** Dataset excerpt follows **

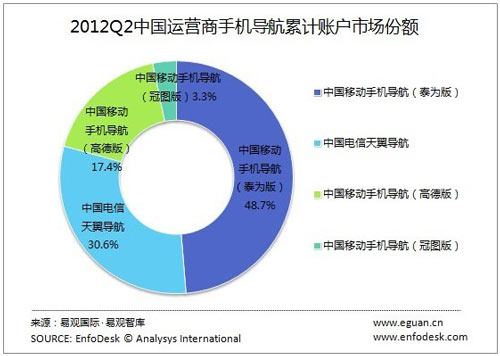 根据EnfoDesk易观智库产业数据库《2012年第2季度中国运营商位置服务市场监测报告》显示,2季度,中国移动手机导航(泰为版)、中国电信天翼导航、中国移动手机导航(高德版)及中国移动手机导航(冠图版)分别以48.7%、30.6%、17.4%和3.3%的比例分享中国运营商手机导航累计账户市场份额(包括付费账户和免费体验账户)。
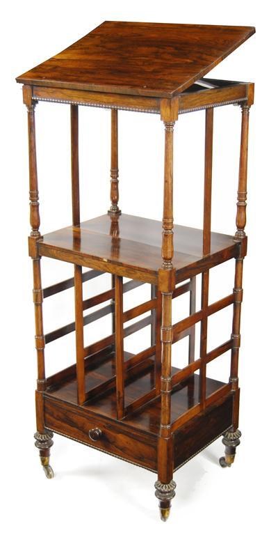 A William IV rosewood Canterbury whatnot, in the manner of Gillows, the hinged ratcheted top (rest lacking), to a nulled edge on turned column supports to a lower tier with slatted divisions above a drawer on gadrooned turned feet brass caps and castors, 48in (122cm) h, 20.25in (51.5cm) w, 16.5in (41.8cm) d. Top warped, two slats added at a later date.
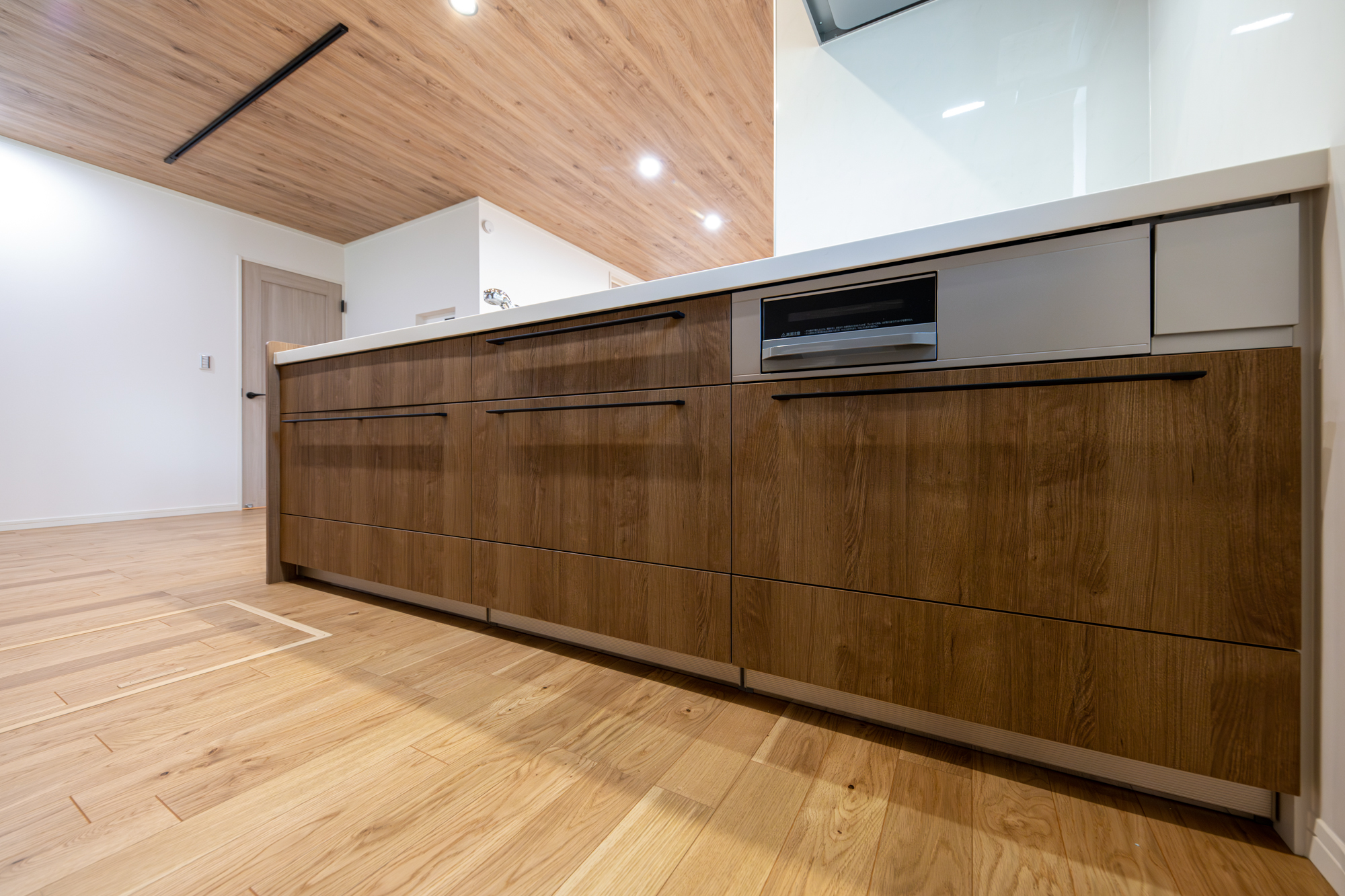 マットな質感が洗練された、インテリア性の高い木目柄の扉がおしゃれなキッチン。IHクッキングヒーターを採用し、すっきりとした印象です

** End of Dataset excerpt **

[About this exercise]: Restate the whole listing exactly as written, minus the pictures.

[Response to the task]:
 根据EnfoDesk易观智库产业数据库《2012年第2季度中国运营商位置服务市场监测报告》显示,2季度,中国移动手机导航(泰为版)、中国电信天翼导航、中国移动手机导航(高德版)及中国移动手机导航(冠图版)分别以48.7%、30.6%、17.4%和3.3%的比例分享中国运营商手机导航累计账户市场份额(包括付费账户和免费体验账户)。
 A William IV rosewood Canterbury whatnot, in the manner of Gillows, the hinged ratcheted top (rest lacking), to a nulled edge on turned column supports to a lower tier with slatted divisions above a drawer on gadrooned turned feet brass caps and castors, 48in (122cm) h, 20.25in (51.5cm) w, 16.5in (41.8cm) d. Top warped, two slats added at a later date.
 マットな質感が洗練された、インテリア性の高い木目柄の扉がおしゃれなキッチン。IHクッキングヒーターを採用し、すっきりとした印象です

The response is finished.